Work instruction: What is needed is the exact text of each line in the listing below from the one with "A reference measurement" up to and including the one with "を指定して表示できたらOK <完了したら、先生を呼んでチェックしてもらうこと> |", and no pictures.

Top of Records provided

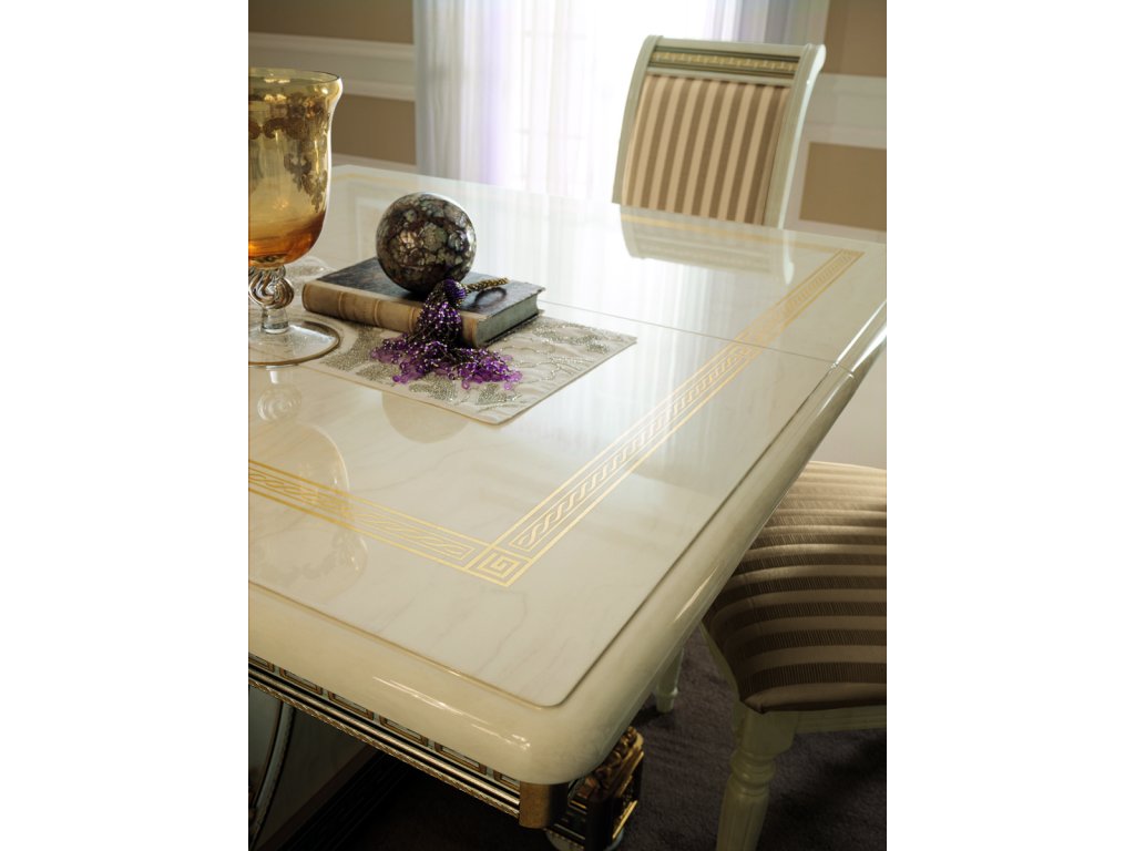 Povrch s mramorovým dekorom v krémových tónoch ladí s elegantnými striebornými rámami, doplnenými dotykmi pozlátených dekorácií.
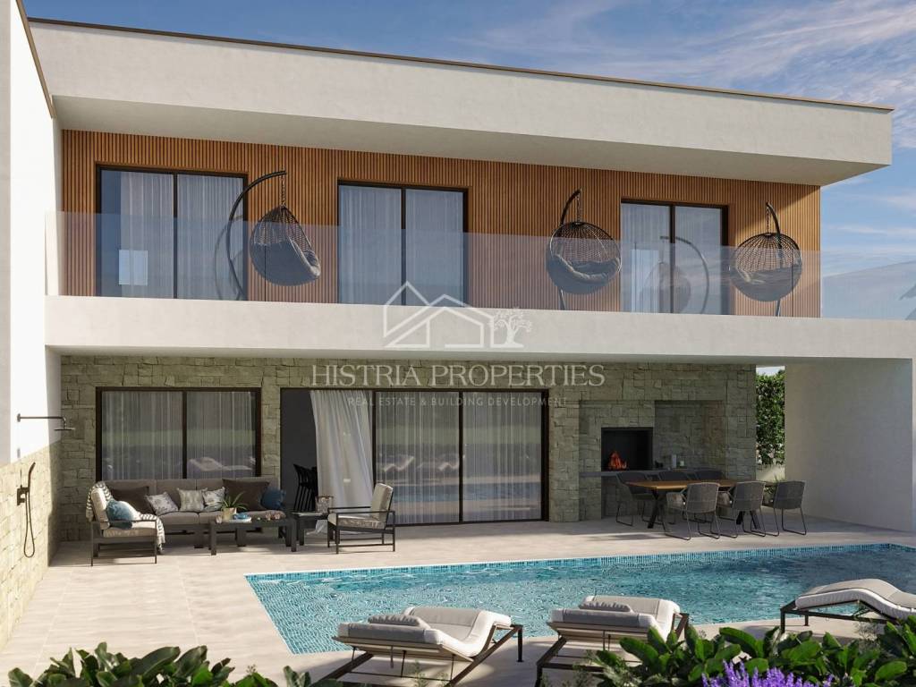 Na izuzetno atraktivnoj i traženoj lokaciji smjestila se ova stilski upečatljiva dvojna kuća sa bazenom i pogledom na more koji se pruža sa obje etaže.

Bottom of Records provided
Top of Records provided

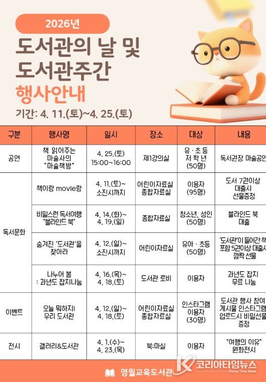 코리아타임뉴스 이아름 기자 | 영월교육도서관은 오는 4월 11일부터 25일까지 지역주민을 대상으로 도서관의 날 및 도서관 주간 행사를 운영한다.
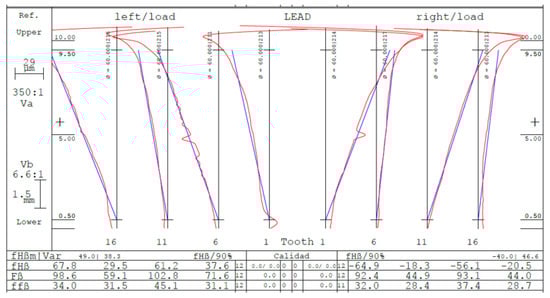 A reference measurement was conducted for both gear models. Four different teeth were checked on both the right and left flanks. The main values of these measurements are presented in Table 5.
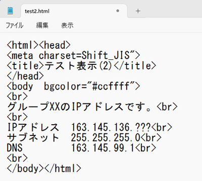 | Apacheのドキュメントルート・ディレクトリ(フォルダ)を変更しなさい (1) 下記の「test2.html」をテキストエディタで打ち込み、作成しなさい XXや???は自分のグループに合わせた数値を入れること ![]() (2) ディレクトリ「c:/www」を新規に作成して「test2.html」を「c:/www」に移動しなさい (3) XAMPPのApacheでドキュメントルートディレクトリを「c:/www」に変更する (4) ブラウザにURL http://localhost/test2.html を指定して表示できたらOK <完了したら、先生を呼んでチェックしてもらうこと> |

Bottom of Records provided
Top of Records provided

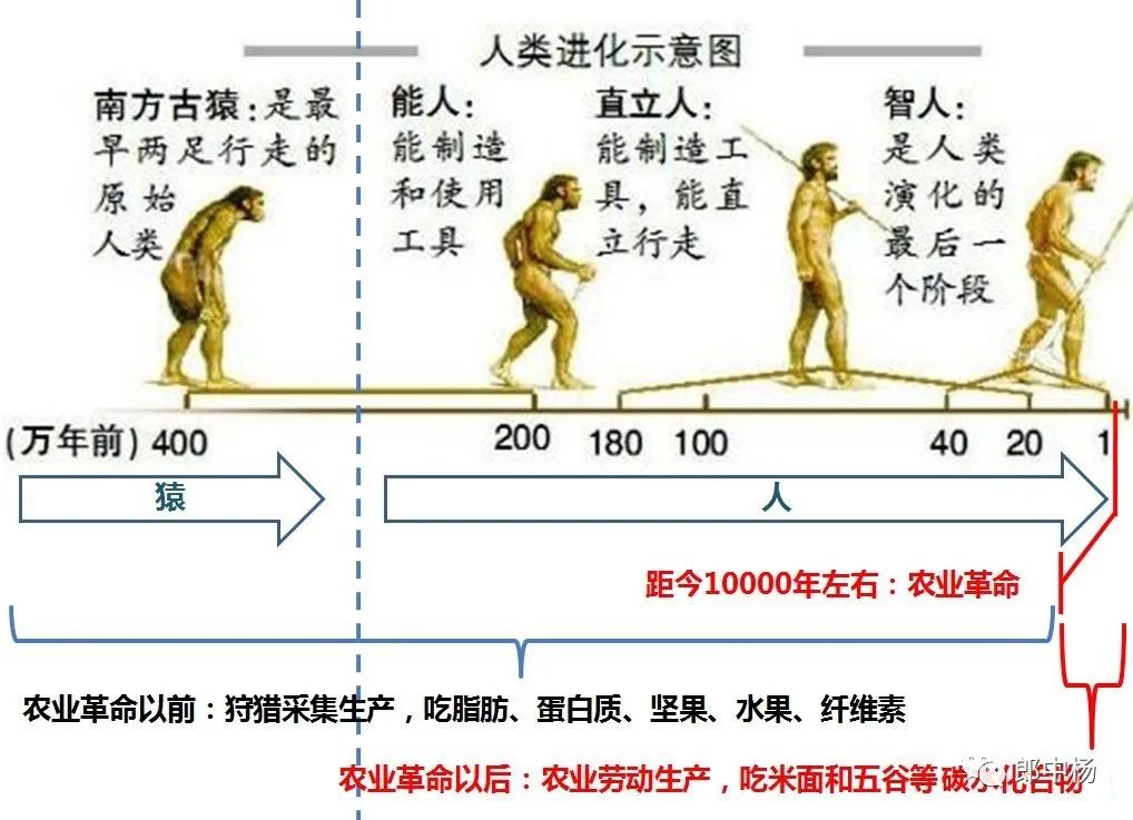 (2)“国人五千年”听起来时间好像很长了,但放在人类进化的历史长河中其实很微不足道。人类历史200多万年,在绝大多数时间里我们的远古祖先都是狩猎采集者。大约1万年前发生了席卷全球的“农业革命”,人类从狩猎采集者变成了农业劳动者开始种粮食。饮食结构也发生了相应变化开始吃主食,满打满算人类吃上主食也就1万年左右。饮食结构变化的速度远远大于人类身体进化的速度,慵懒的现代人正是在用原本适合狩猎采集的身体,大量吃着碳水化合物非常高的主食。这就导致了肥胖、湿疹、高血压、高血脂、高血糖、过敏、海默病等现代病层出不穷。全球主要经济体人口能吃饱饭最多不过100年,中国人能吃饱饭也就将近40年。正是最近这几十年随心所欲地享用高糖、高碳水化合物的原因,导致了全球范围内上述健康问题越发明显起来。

Bottom of Records provided

Answer box:
 A reference measurement was conducted for both gear models. Four different teeth were checked on both the right and left flanks. The main values of these measurements are presented in Table 5.
 | Apacheのドキュメントルート・ディレクトリ(フォルダ)を変更しなさい (1) 下記の「test2.html」をテキストエディタで打ち込み、作成しなさい XXや???は自分のグループに合わせた数値を入れること ![]() (2) ディレクトリ「c:/www」を新規に作成して「test2.html」を「c:/www」に移動しなさい (3) XAMPPのApacheでドキュメントルートディレクトリを「c:/www」に変更する (4) ブラウザにURL http://localhost/test2.html を指定して表示できたらOK <完了したら、先生を呼んでチェックしてもらうこと> |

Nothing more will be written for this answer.